What is required:
Will you write out the data exactly, excluding every picture?

Stored data:
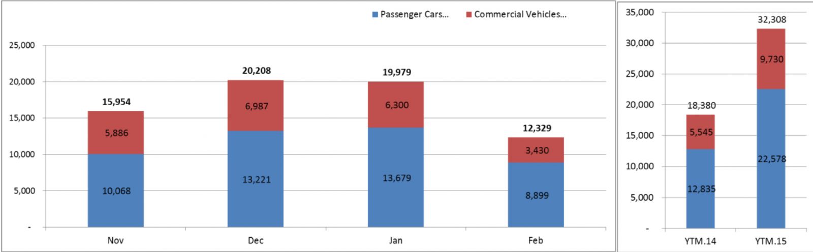 Theo đó, mức tiêu thụ trong tháng 2/2015 tăng 69% so với cùng kỳ năm 2014, với mức sản lượng tiêu thụ đạt 12.329 chiếc, bao gồm 8.899 xe du lịch và 3.430 xe thương mại. Tuy nhiên xét theo tháng thì sản lượng tiêu thụ có sự sụt giam đáng kể so với tháng 1/2015. Trong đó, doanh số xe du lịch giảm 35% và xe thương mại giảm 41% so với tháng trước. Nguyên nhân chính của hiện tượng này là do tính thời vụ của đối với sản phẩm này, nhu cầu mua sắm xe phục vụ nhu cầu đi lại trọng dịp Tết Nguyên đán đều tập trung trong tháng 1/2014, nên trong tháng 2 sản lượng tiêu thụ đã giảm, dễ nhận thấy nhất là sản lượng tiêu thụ xe con, xe du lịch.
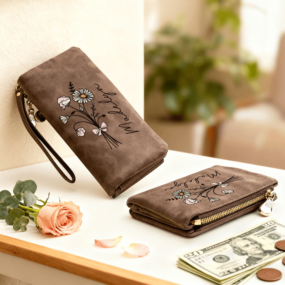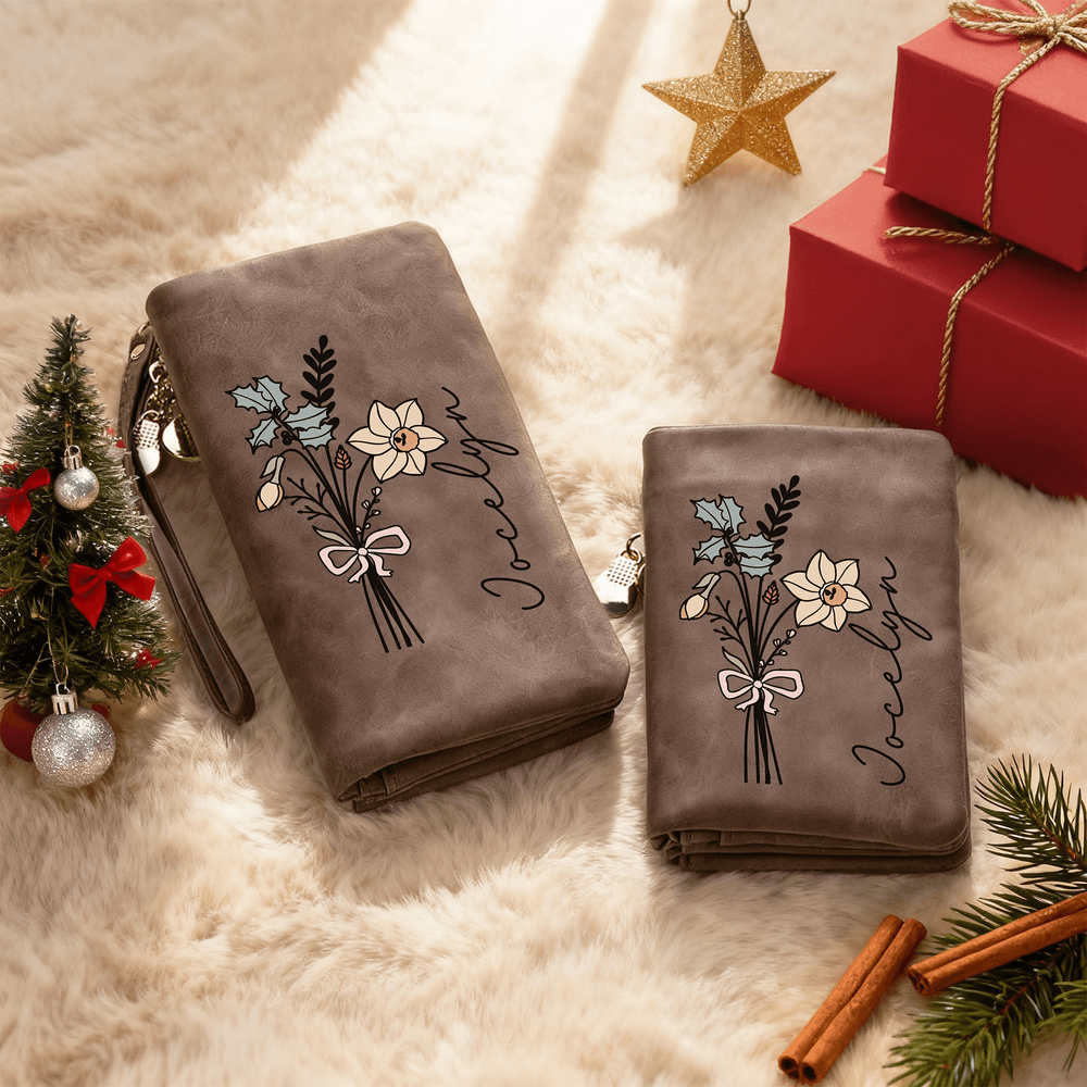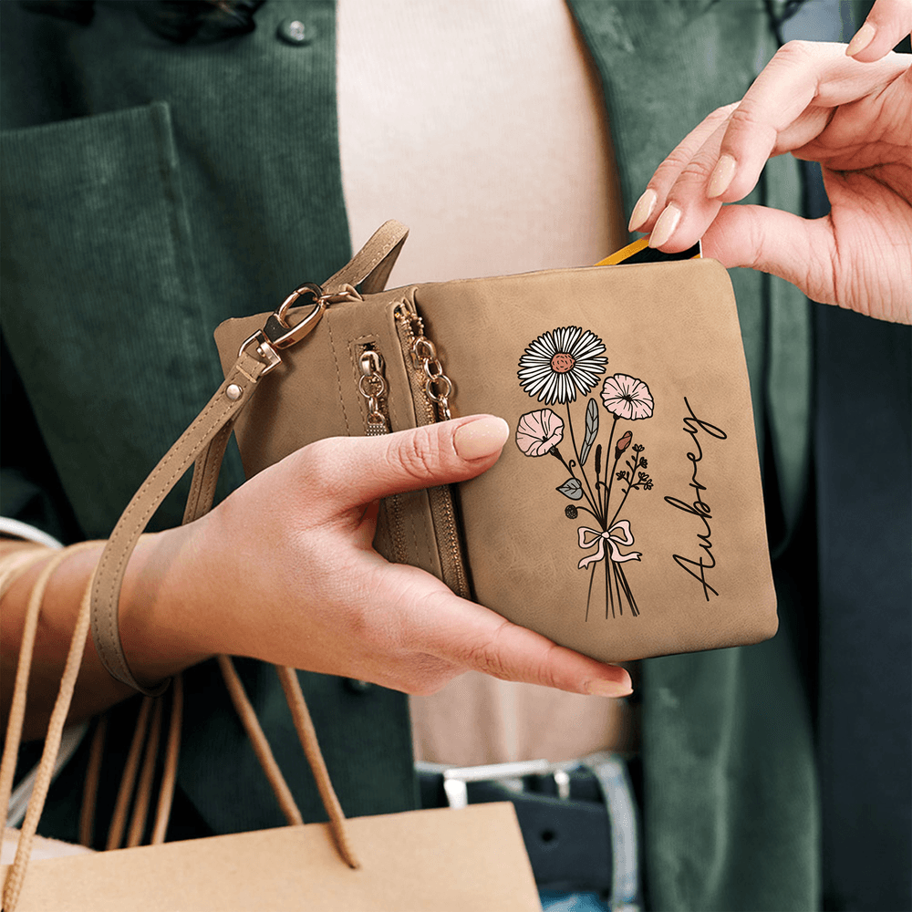 Personalised Watercolour Birth Flower Bouquet PU Leather Wallet with Name and Wristlet Christmas Birthday Gift for Women Girls
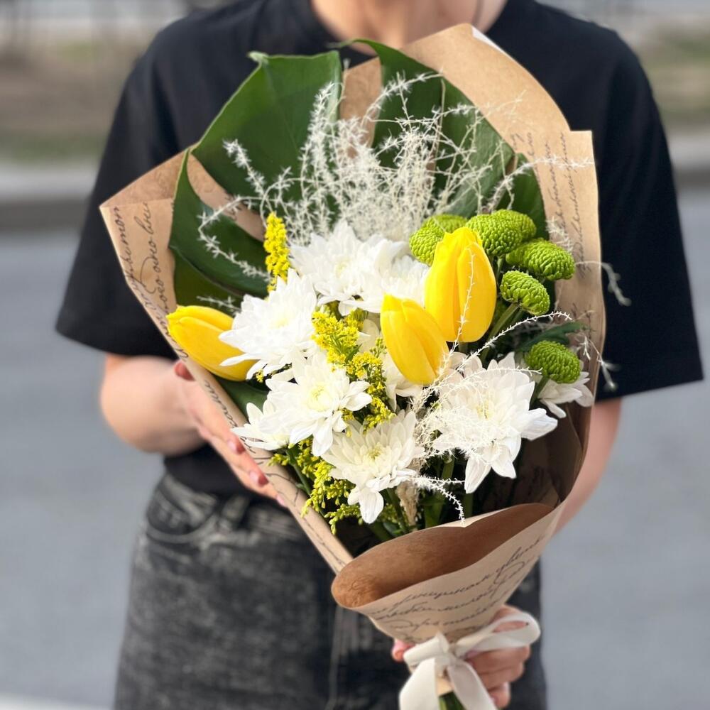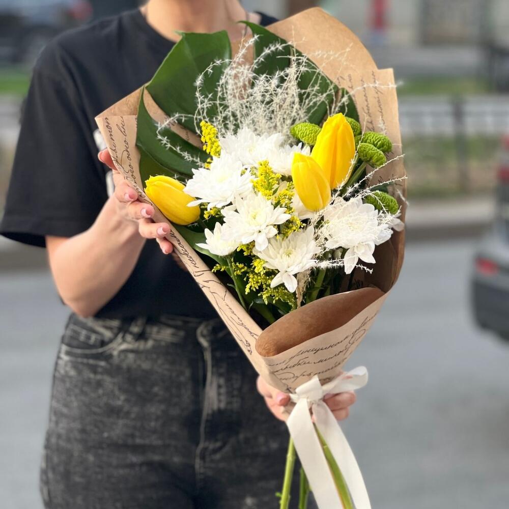 Монстера – 1 шт.Солидаго – 2 шт.Тюльпан – 3 шт.Лента атласная – 1 шт.Хризантема зеленая – 1 шт.Упаковка дизайнерская – 1 шт.хризантема куст белая – 2 шт.пампас белый – 2 шт.

Answer below:
 Theo đó, mức tiêu thụ trong tháng 2/2015 tăng 69% so với cùng kỳ năm 2014, với mức sản lượng tiêu thụ đạt 12.329 chiếc, bao gồm 8.899 xe du lịch và 3.430 xe thương mại. Tuy nhiên xét theo tháng thì sản lượng tiêu thụ có sự sụt giam đáng kể so với tháng 1/2015. Trong đó, doanh số xe du lịch giảm 35% và xe thương mại giảm 41% so với tháng trước. Nguyên nhân chính của hiện tượng này là do tính thời vụ của đối với sản phẩm này, nhu cầu mua sắm xe phục vụ nhu cầu đi lại trọng dịp Tết Nguyên đán đều tập trung trong tháng 1/2014, nên trong tháng 2 sản lượng tiêu thụ đã giảm, dễ nhận thấy nhất là sản lượng tiêu thụ xe con, xe du lịch.
 Personalised Watercolour Birth Flower Bouquet PU Leather Wallet with Name and Wristlet Christmas Birthday Gift for Women Girls
 Монстера – 1 шт.Солидаго – 2 шт.Тюльпан – 3 шт.Лента атласная – 1 шт.Хризантема зеленая – 1 шт.Упаковка дизайнерская – 1 шт.хризантема куст белая – 2 шт.пампас белый – 2 шт.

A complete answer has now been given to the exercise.